Her life did not get any better. The Woman’s Study Bible notes the following: “Widowed again about A.D. 48, Bernice was the subject of incestuous scandal when she became a consort to her own brother, Agrippa II. Years later, she married a third time to Ptolemy, king of Cicilia” (see topic, “Bernice”). Barnes Notes further comments, “After his death she proposed to Polemon, king of Pontus and part of Cilicia, that if he would become circumcised she would marry him. He complied, but she did not continue long with him.”[2]

She resumed an illicit life with her brother only to leave him once again for a most shocking affair.  Bernice became a mistress to both Emperor Vespasian and his son, Titus, the conqueror of Jerusalem. The latter was so smitten with her that he promised her marriage, a proposal which proved intolerable even to the Roman Senate with all its depravity.

Regional Art Museum, Uzhgorod, Ukraine

Regional Art Museum, Uzhgorod, Ukraine (Photo credit: Wikipedia)

Bernice is mentioned three times in Scripture: Acts 25:13, 23, 30. Each has to do with legal proceedings involving the fate of the apostle Paul.
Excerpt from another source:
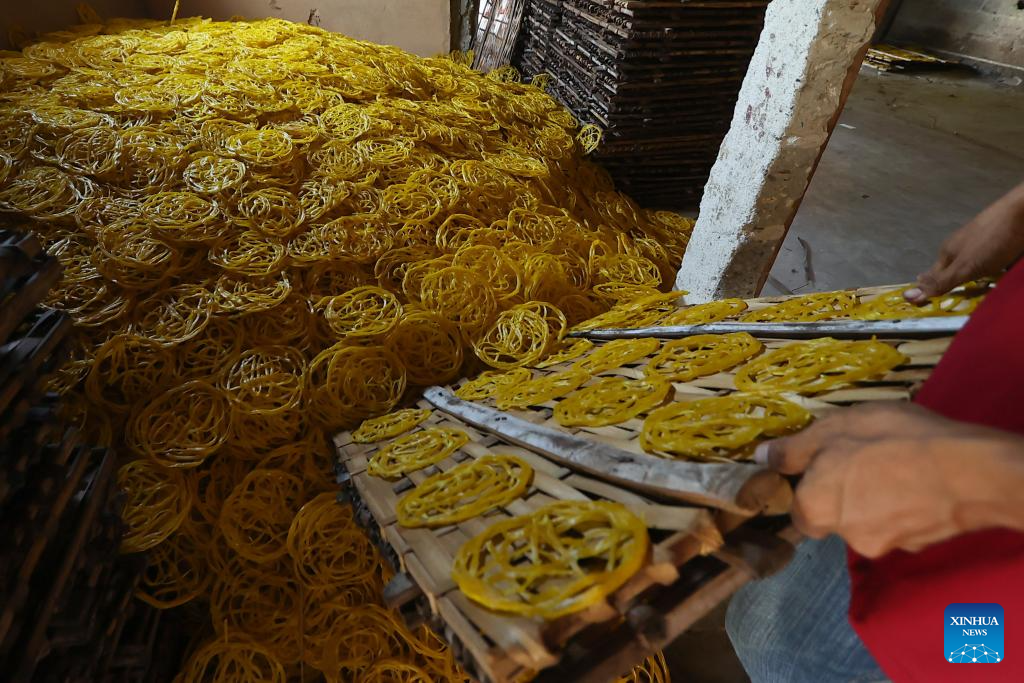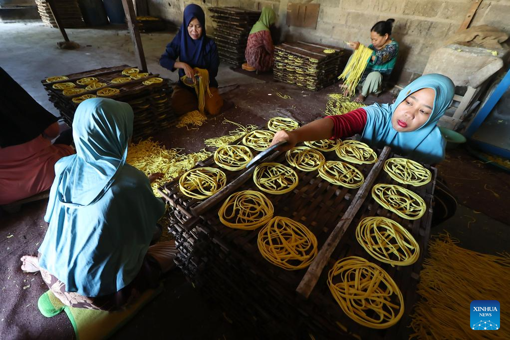 BOGOR, 28 mayo, 2025 (Xinhua) -- Trabajadoras preparan galletas amarillas tradicionales en un taller casero, en la aldea de Karadenan, en la regencia de Bogor, Java Occidental, Indonesia, el 28 de mayo de 2025. (Xinhua/Yorri Farli)

She appears at the side of her brother, unabashedly as his consort.

She died in Rome after the fall of Jerusalem

Any redeeming qualities?

Did she have any redeeming qualities? The Woman’s Study Bible (“Bernice”) says, “Bernice, a woman of strong opinions, was once a dauntless defender of the Jewish people. Some sources report that she even risked her own life to intercede on behalf of the Jews. So strong was her faith that at one time she shaved her head and walked barefoot in keeping a vow to God. But her lifestyle pulled her away, and Bernice evidently abandoned her Jewish faith.” (No sources are given regarding this comment.)
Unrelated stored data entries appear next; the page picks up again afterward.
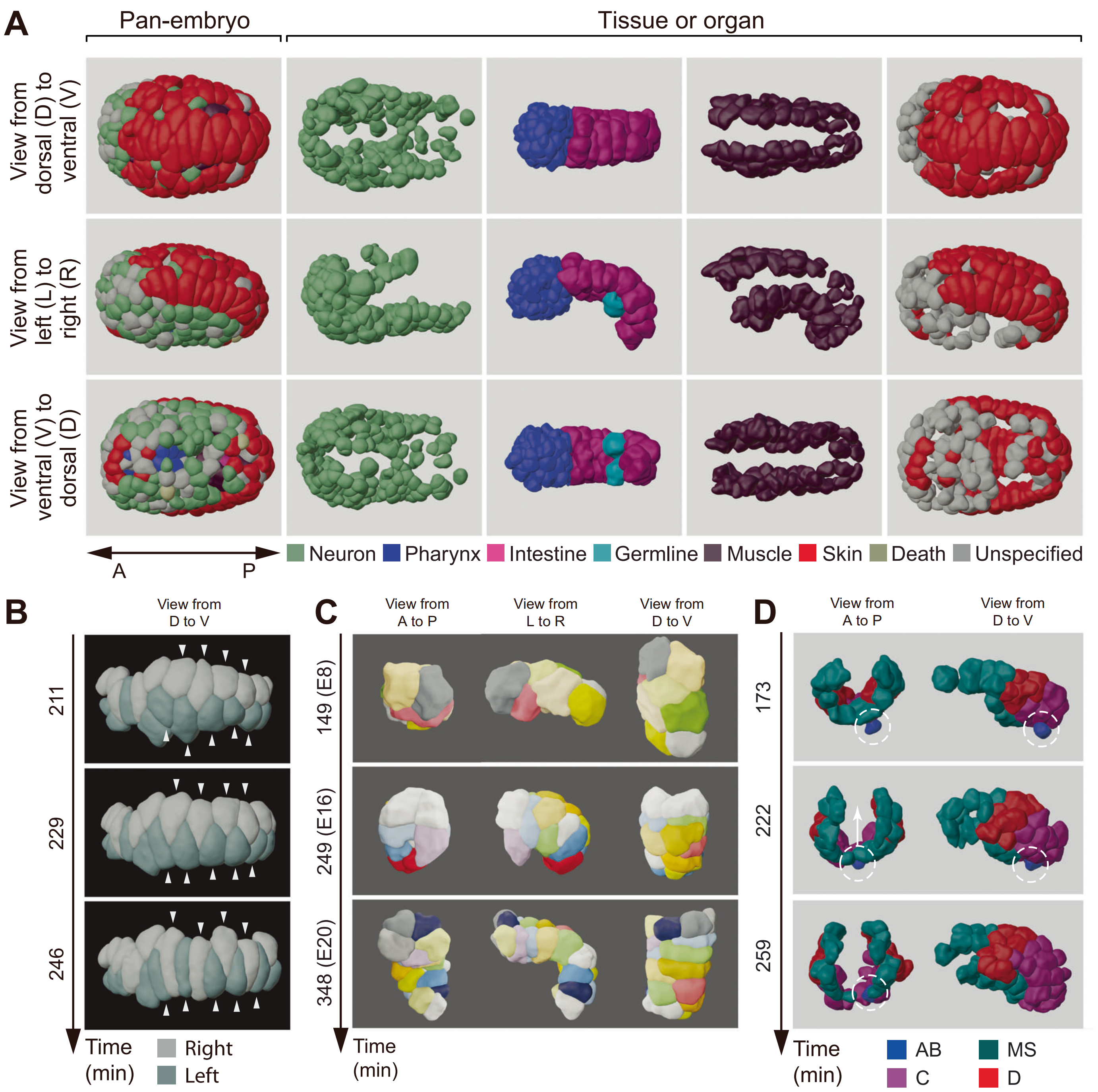 Fig. 2. (A) A worm embryo’s cell-resolved morphologies in different tissues and organs. (B) Morphological change of dorsal skin over time. (C) Morphological change of intestine over time. (D) Morphological change of body-wall muscle over time.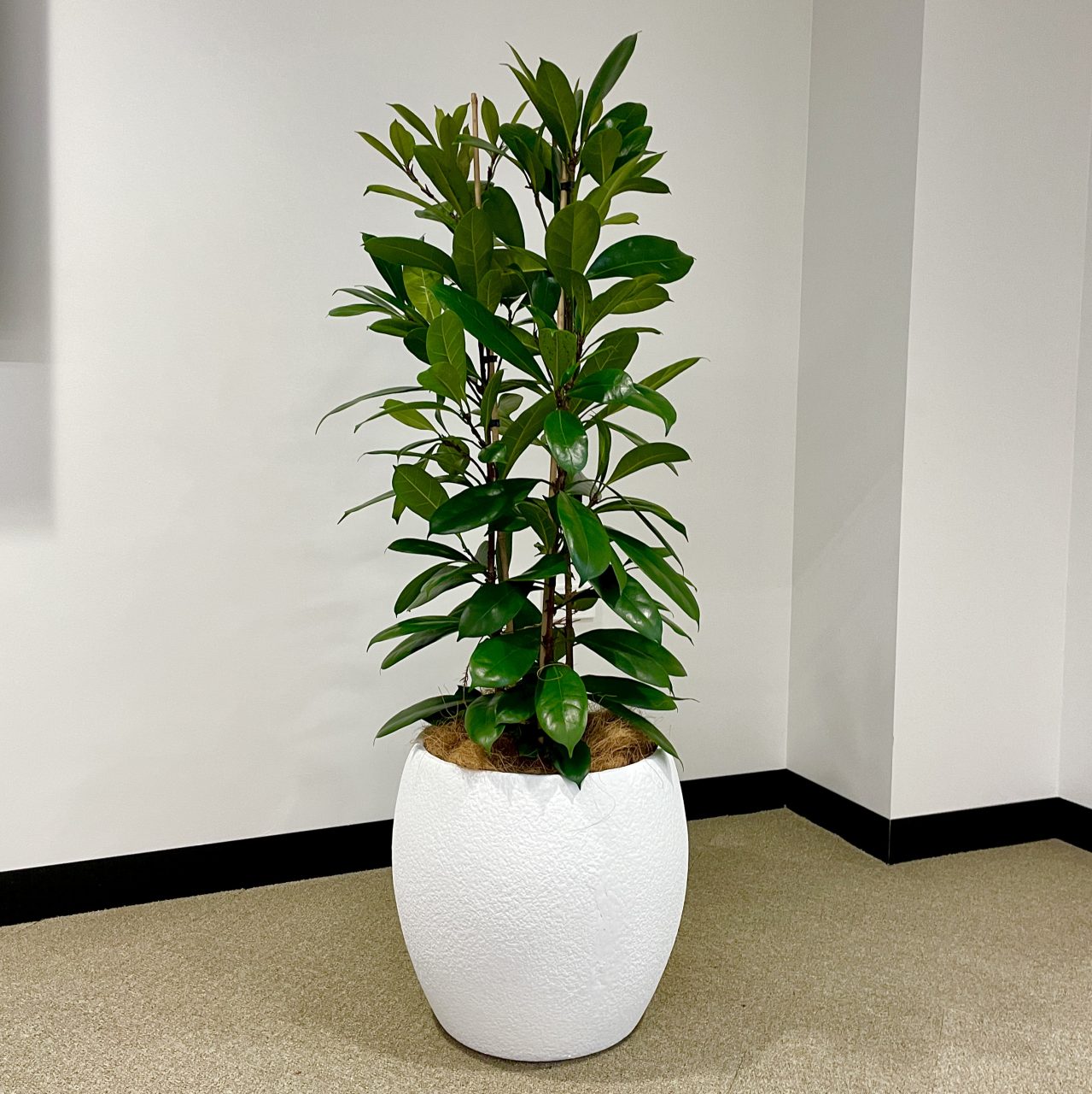 Ficus cyathistipula ‘Louis’ is a low-maintenance indoor plant with a tree-like appearance—perfect for bringing natural height and structure to your space. Available in two sizes, with the large grade offered in stylish white pots as shown.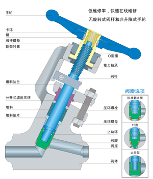 一體式鍛造,無閥帽結構設計的截止閥,減少了閥體與閥帽之間的泄漏點,在線維護時可以不用拆卸閥帽。 江蘇蘇北閥門有限公司生產(chǎn)的Y型工藝截止閥主要系列有

Drusilla was the youngest daughter of Agrippa I—ten years younger than Bernice. She was only six years old when her father died in A.D. 44. Already beautiful, she had been promised in marriage to Epiphanies, son of the king of Comangene. When Epiphanies refused to go through a prerequisite of circumcision, the agreement was rendered void. However, another suitor, Azizus, king of Edessa, was willing to comply, and obtained her as his wife.

True to her heritage, Drusilla was enticed away by a man named Felix. Josephus says, “Felix was procurator of Judea, he saw this Drusilla, and fell in love with her; for she did indeed excel all other women in beauty.” According to the historian Tacitus, Claudius Felix was a base man. He “had been a slave, in the vilest of all positions, at the vilest of all epochs, in the vilest of all cities.” [3] As a procurator he “exercised the prerogatives of a king, with the spirit of a slave, rioting in cruelty and licentiousness” (Tacitus, Annals 12:54).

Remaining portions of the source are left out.